It was a regular day in MURICA 🦅 🇺🇸 💥 🦅 🇺🇸 💥 and Michelle was surfin' the web with his good friend Tempest cardboard standee.
Suddenly, right in the corner of his eye Michelle noticed an ad selling kinder surprise eggs.
"Holy shit, tempest! I haven't had one of these in ages since Attorney Admiral President God banned them." Michelle said
Tempest said nothing because he's currently made of cardboard.
"Aw you're right, they're illegal I can't have em. This must be the dark web." Michelle sadly said.
"Who cares bro, the best Minecraft mods come from the dark web. It's perfectly ethical to use it." Foivos, who was also in his house for some reason, said.
"True, all my best material of marginalized groups getting beaten to death came from the dark web. It's chill in there." Added Penis.
"I feel like those two things aren't very comparable but okay." Said Foivos.
"Well, I'm convinced. We're going to the dark web!!"
And so it was. Michelle clicked on the advert and it took him to an eBay auction in darkweb.com where he bid his entire house. He would have gotten it if someone hadn't bid the charred remains of hamala karris-bot from chapter 5.
"Aw shucks. That was the last one." Michelle pouted.
"Worry not Michelle, as I will use my Personality Waves™️ to triangulate the position of whoever bought that last kinder surprise egg." Said Personality Guy. He then stared very hard at the computer screen and started making some inhuman noises.
"I've found it! The thief is currently located in the newly refurbished dodecahedronal office, in the newly renamed Jesus Christ DC." Personality Guy said.
And so it was. Michelle got on his trusty steed, Dave the Dyanosaure, and they headed over to Jesus Christ DC, where of course, they discovered the culprit was none other than...
"Me, Attorney Admiral President God!" God said.
"But why?! I thought banned kinder surprise eggs." Michelle asked God.
"It's true I did that, but only so I can have them all to myself.
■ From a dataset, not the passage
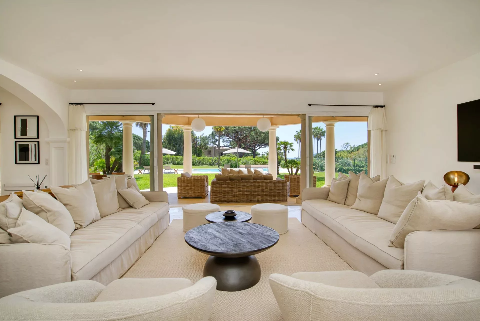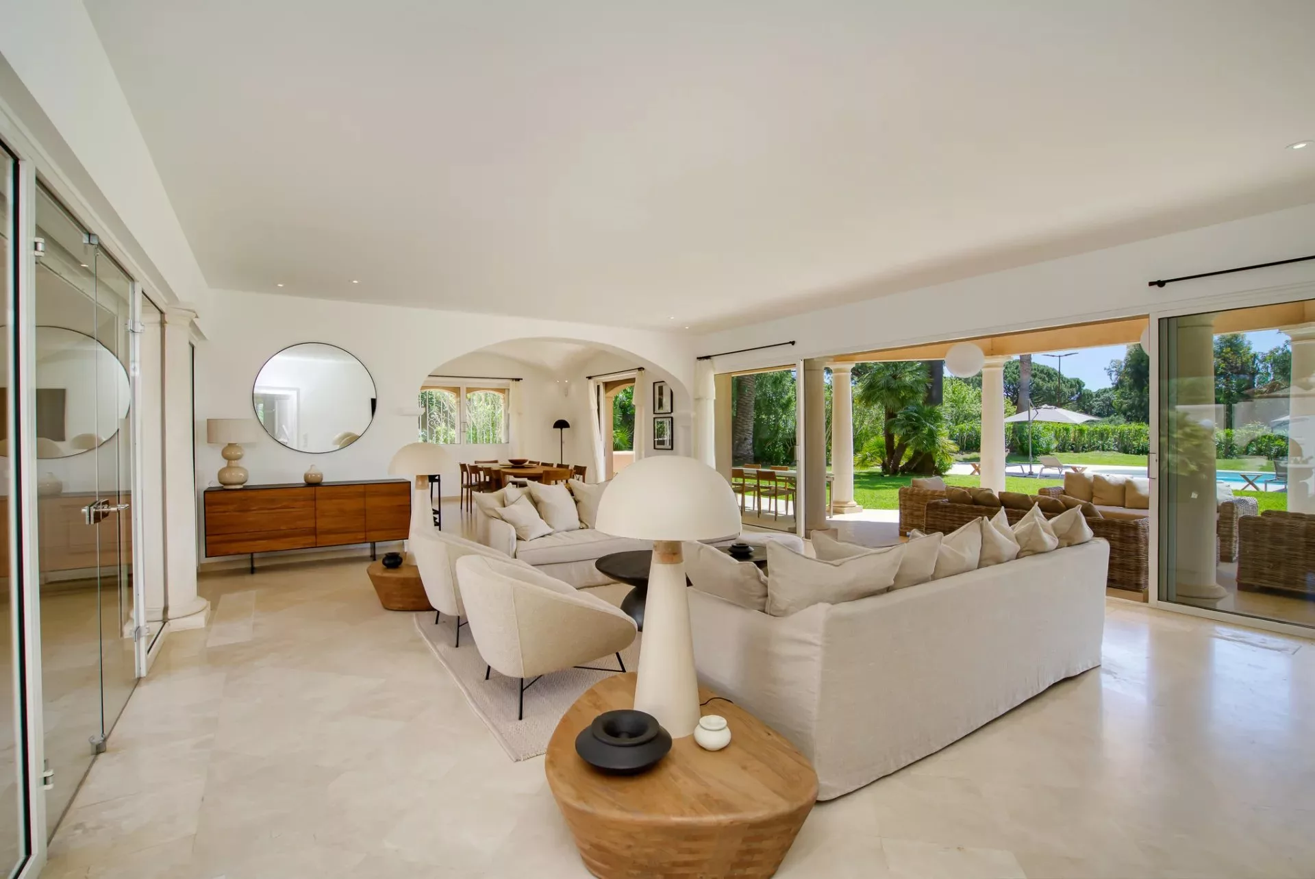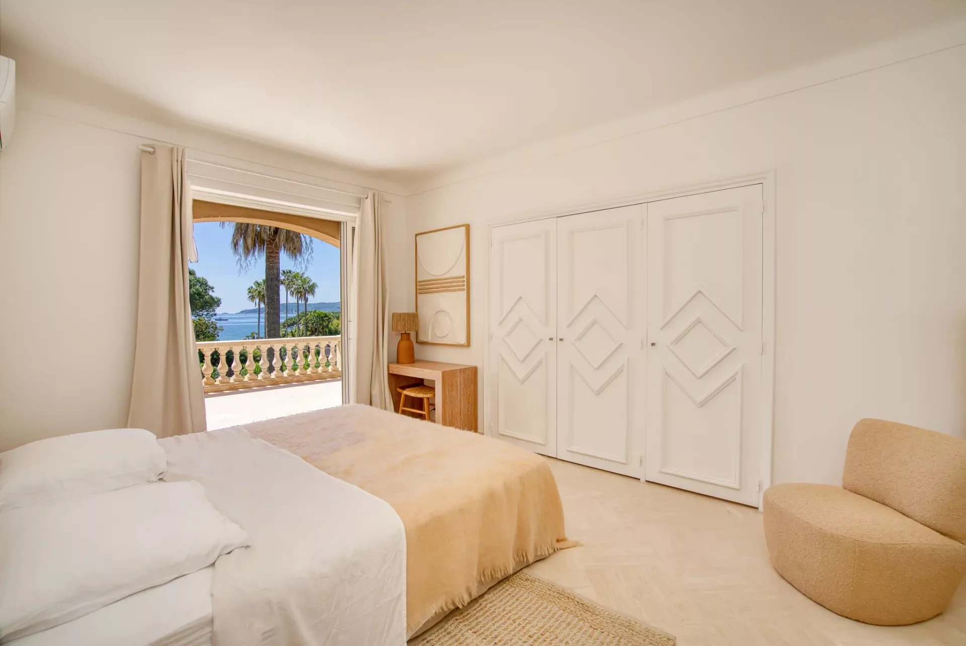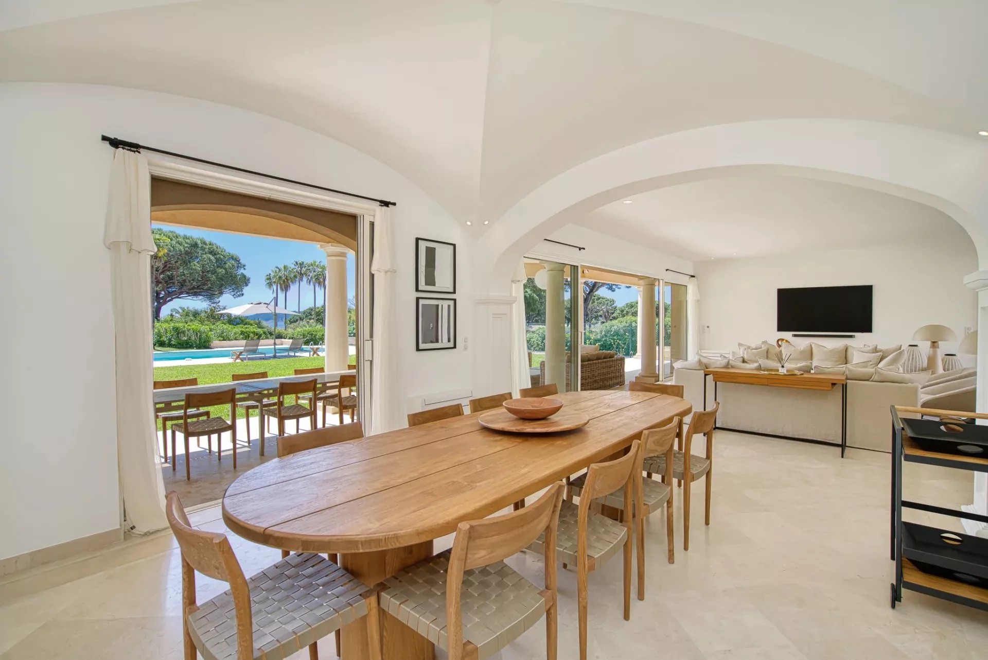 Entièrement rénovée, elle possède un salon lumineux et une salle à manger ouverts sur la terrasse, une cuisine entièrement équipée, 6 chambres, 6 salle de bains, une chambre d'appoint et une chambre de service.

You see, the other all-powerful beings of the SW Omniverse™️ don't seem to take me seriously, so I though if I could have a complete collection of every kinder surprise toy, they'd finally take me seriously, since none of them have ever done something as magnificent as this." God explained.
"And with this Mustard Murderer figurine from that last egg I bought, I finally have them all!" God declared.
"Oh no you don't!" Michelle declared, and got Dave the Dyanosaure to bite God's ankle.
" I put my house on that egg, and not even God's will can stop me from having it!" Michelle added.
"Domain Expansion: Abysmal Dog shit!!" Michelle shouted, and suddenly the two of them were suddenly trapped in a toilet bowl.
"Do you realise what you've done???" Good screamed.
After that, SW productions got sued by both Jujutsu Kaisen and Kinder, so God had all his toys confiscated. Oh and Michelle forgot Domain Expansion. Now we have to call it Land Distribution, or something. Nanami wouldn't stand for this.
"NOOOOOOOOOOOOOOOOOOOOOO0! MY ADULT TOYS!" God screamed after the lawsuit concluded.
"That's what happens when you face the might of my Dom- LAND DISTRIBUTION." Said Michelle, who had eated some spare eggs off screen. He then epically walked away into the sunset.
"It's really weird when we don't have useless lines that serve no purpose in quick succession." Foivos said.
"It's somewhat weird, yeah." Said Penis.